Most (if not all) cities around the world have places that possess the most sublime qualities, characteristics of tranquility and even luxury.  They furnish a counterpoint to the typical noise and activity, transporting a city dweller from the activity and noise to something like the peaceful environment of the country. They are the unexpected and sometimes surprising private and transition spaces that occur throughout the world.

These places are the perfect antidote to a busy public life, bringing peace as opposed to the hustle and bustle, bringing tranquility as opposed to being all about excitement, with the quality of quietness instead of a sonic barrage all day and part of the night.  Something quite different and unexpected to its surroundings, but greatly valued and welcomed.

For a number of years I owned a flat here in Pasadena, at the back condominium complex near the center of the city. I loved the transition as I arrived home
(I've written about it), coming through the courtyard to my front door. But I loved when I got inside of my place; looking out of the windows, there were nothing but tree leaves and branches and dappled light.  The effect was somewhat like being in a tree-fort.  No matter that the trees themselves occupied little in the way of land. No matter that what lied beyond was a series of parking lots and unattractive hind-ends of buildings. From my flat I saw nothing but nature, and on clear days, the tops of the San Gabriel Mountains against the sky. In the middle of a quite busy place, I had my own little perfect paradise.

We know that these places exist around the world.  We glimpse them.  The narrow passageway into the sunlit courtyard in the French Quarter in New Orleans. The pocket park in the middle of Manhattan. The rooftop garden above the 40th floor in Chicago or Shanghai.   

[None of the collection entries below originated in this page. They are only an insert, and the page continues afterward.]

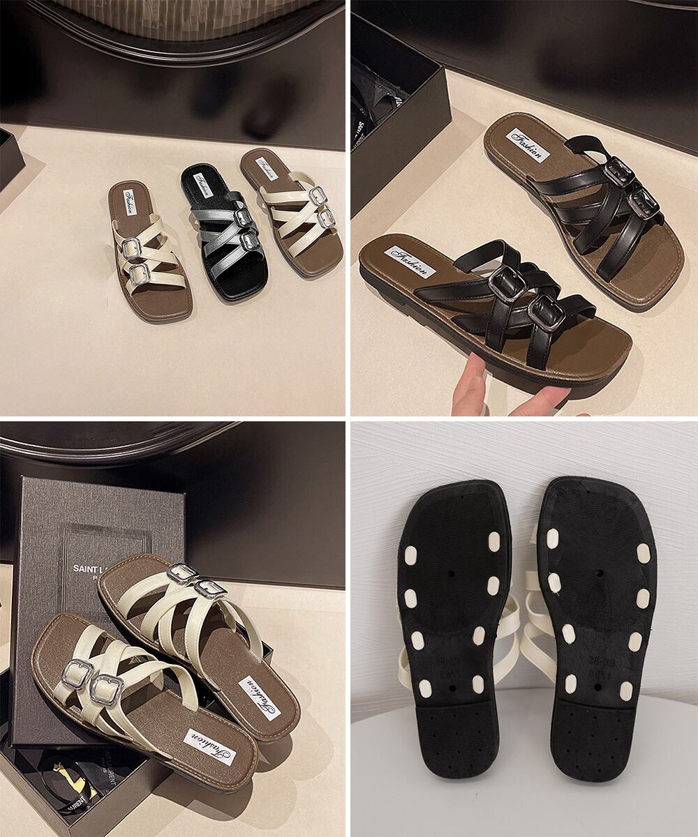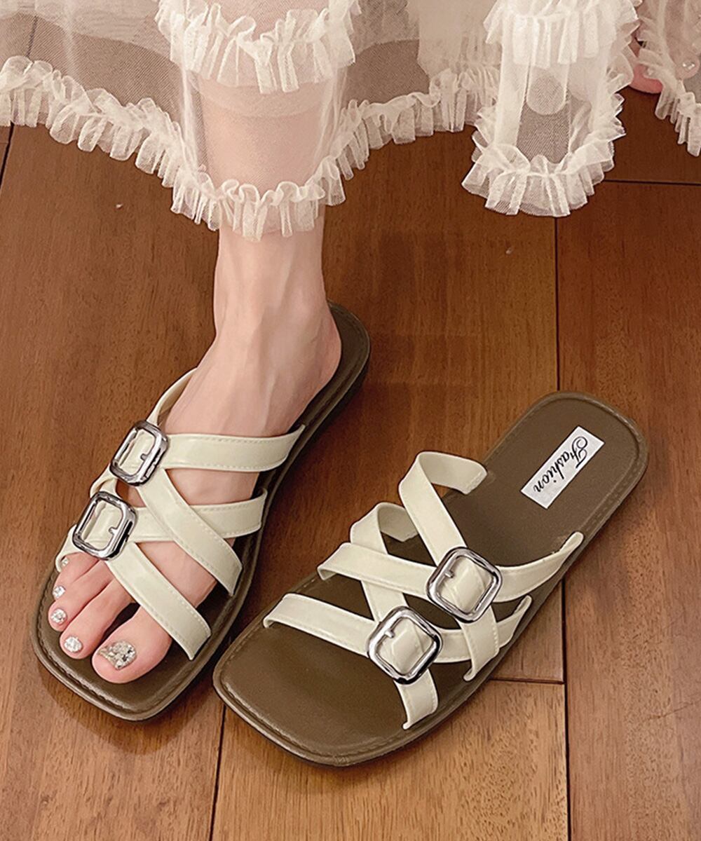 クロスデザインが目を引く、ダブルバックル仕様のフラットサンダル。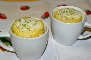 Bata todos os ingredientes até obter uma massa homogénea. Divida a massa por duas chávenas de chá ou uma chávena almoçadeira com capacidade de 250 ml. Pode untar as chávenas com margarina se desejar. Eu não untei.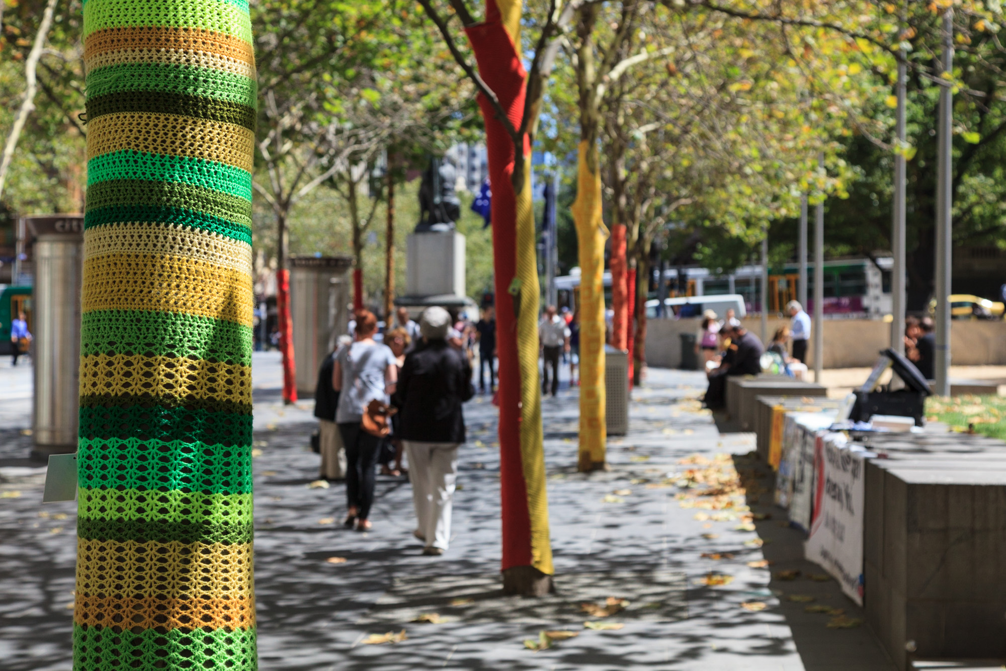 Dans une des artères principales, les troncs d’arbre portent des chandails de laine confectionnés au crochet.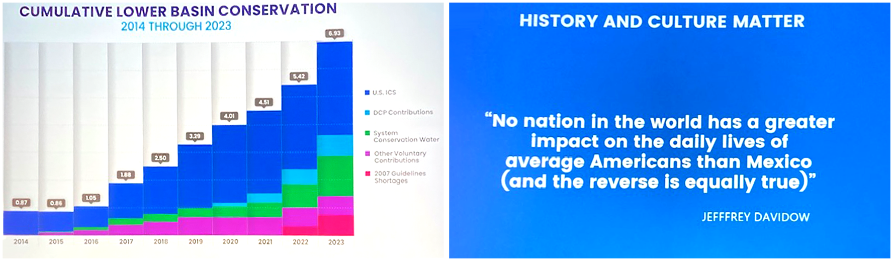 By 2023, however, the amount conserved to protect the system shot up to 6.93 million acre-feet. That staggering conservation figure, he noted, Intentionally Created Surplus water stored by the United States; contributions stipulated in the 2019 Drought Contingency Plan; system conservation efforts and other conservation efforts, as well as water saved under the terms of the ’07 Guidelines.
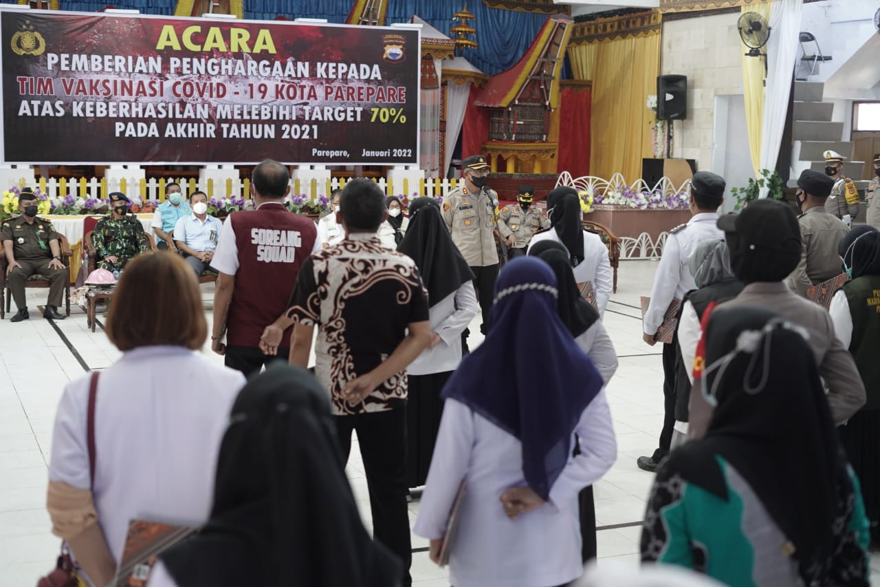 PAREPARE, delik.id — Kepolisian resort polres parepare,sulawesi selatan,memberikan penghargaan kepada ratusan vaksinator di kota parepare,sulawesi selatan,karena telah mencapai terget 70 persen vaksin di tahun 2021,di gedung serbaguna polres parepare,sulawesi selatan,kamis siang.

No matter how impressive or exciting a big city is, it's the places of contrast, the antedate to the activity, that make it seem complete. These are the things that make a visitor say, 'I could live here'. These are the things that make the life-long resident fall completely in love.

Providing these spaces is not the special province of the well-to-do. It is simply a matter of design. They require a lot of care and thought, but they are not necessarily expensive to do. The environment I described in Pasadena was achieved simply by leaving enough room, planting appropriate trees; not a costly endeavor. What made it possible was simply the original thought that went into the building design that allowed for such a delightful outdoor space to exist.